[DATASET — start]

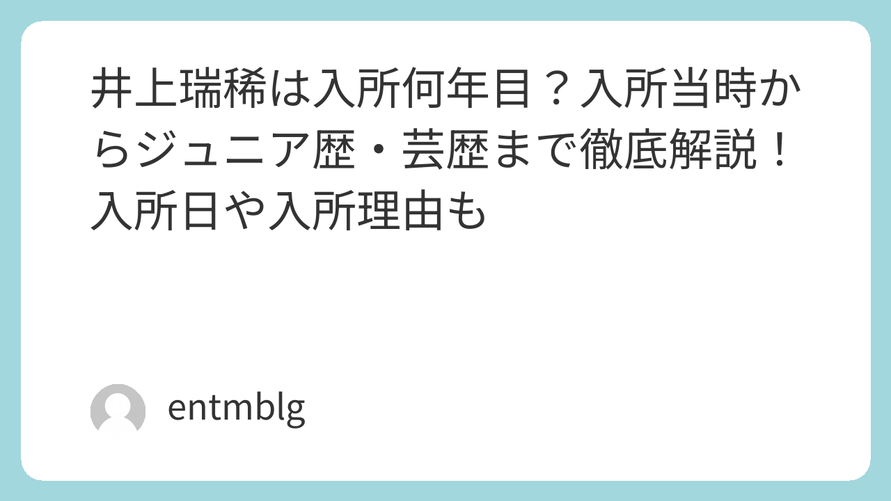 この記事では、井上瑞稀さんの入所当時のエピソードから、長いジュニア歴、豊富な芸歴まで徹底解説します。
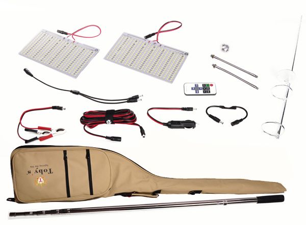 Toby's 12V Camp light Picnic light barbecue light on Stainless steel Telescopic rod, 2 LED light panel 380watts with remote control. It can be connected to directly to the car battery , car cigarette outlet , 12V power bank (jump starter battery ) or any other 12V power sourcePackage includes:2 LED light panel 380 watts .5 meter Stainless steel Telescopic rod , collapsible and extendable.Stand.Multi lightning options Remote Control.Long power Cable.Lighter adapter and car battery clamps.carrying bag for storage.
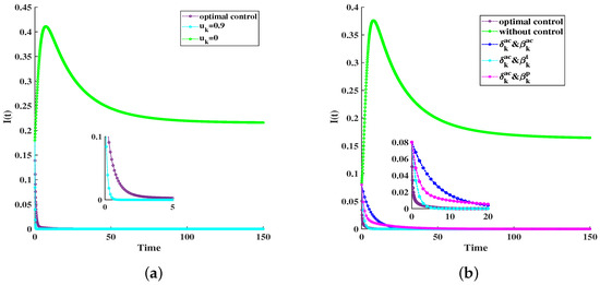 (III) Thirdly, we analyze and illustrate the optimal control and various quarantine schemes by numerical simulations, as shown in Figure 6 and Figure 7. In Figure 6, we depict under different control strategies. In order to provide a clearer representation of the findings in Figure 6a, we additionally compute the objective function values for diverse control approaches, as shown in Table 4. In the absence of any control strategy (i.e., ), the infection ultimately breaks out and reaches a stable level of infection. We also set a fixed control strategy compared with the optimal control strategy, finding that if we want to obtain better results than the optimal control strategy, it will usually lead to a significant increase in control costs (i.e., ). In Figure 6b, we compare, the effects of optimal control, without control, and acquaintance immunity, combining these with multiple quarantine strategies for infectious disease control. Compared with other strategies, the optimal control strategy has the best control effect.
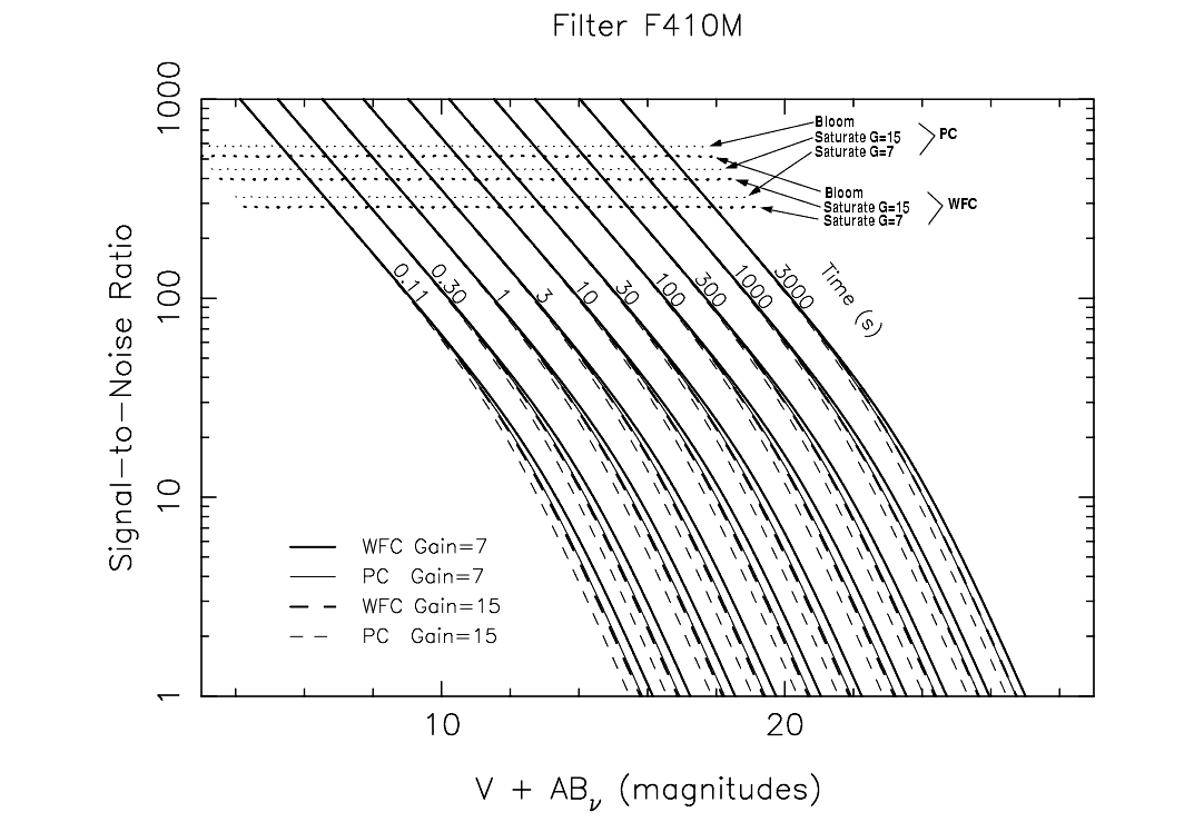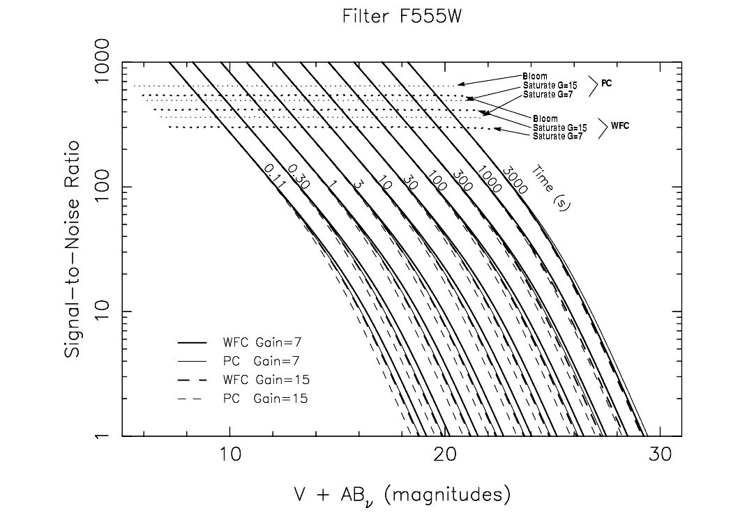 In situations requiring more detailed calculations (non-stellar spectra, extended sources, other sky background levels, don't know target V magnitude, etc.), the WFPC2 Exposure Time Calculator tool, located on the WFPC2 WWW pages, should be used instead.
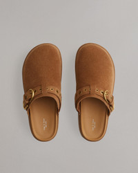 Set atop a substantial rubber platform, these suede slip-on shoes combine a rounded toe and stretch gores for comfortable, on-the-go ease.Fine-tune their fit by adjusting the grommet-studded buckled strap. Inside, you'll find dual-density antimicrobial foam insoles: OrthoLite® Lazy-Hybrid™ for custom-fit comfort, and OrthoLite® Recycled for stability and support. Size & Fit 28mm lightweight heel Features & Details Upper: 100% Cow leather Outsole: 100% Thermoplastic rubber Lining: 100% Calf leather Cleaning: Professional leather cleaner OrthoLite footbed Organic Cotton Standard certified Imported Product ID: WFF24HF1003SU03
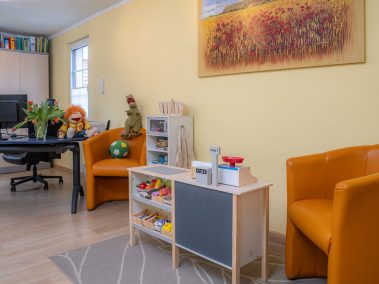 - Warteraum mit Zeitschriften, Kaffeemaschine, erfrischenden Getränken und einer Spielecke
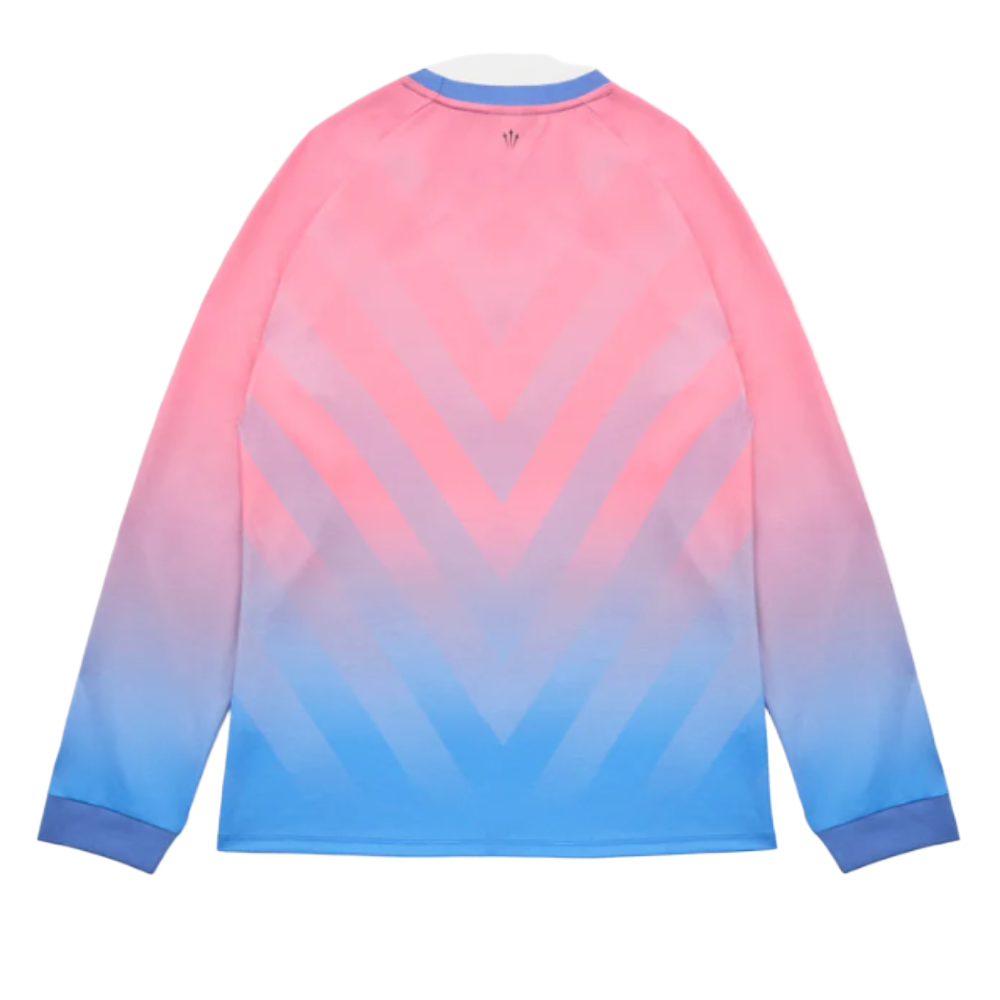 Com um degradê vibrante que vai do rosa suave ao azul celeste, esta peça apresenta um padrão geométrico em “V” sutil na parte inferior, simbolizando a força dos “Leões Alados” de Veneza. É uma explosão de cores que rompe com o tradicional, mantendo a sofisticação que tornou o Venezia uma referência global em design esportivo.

[DATASET — finish]

◆ **TRY IT**
The lines to copy begin at the one containing "- Warteraum mit" and end at the last line of the records. Set down exactly those lines and no others, both ends included, and omit all pictures.

◆ **REPLY**
 - Warteraum mit Zeitschriften, Kaffeemaschine, erfrischenden Getränken und einer Spielecke
 Com um degradê vibrante que vai do rosa suave ao azul celeste, esta peça apresenta um padrão geométrico em “V” sutil na parte inferior, simbolizando a força dos “Leões Alados” de Veneza. É uma explosão de cores que rompe com o tradicional, mantendo a sofisticação que tornou o Venezia uma referência global em design esportivo.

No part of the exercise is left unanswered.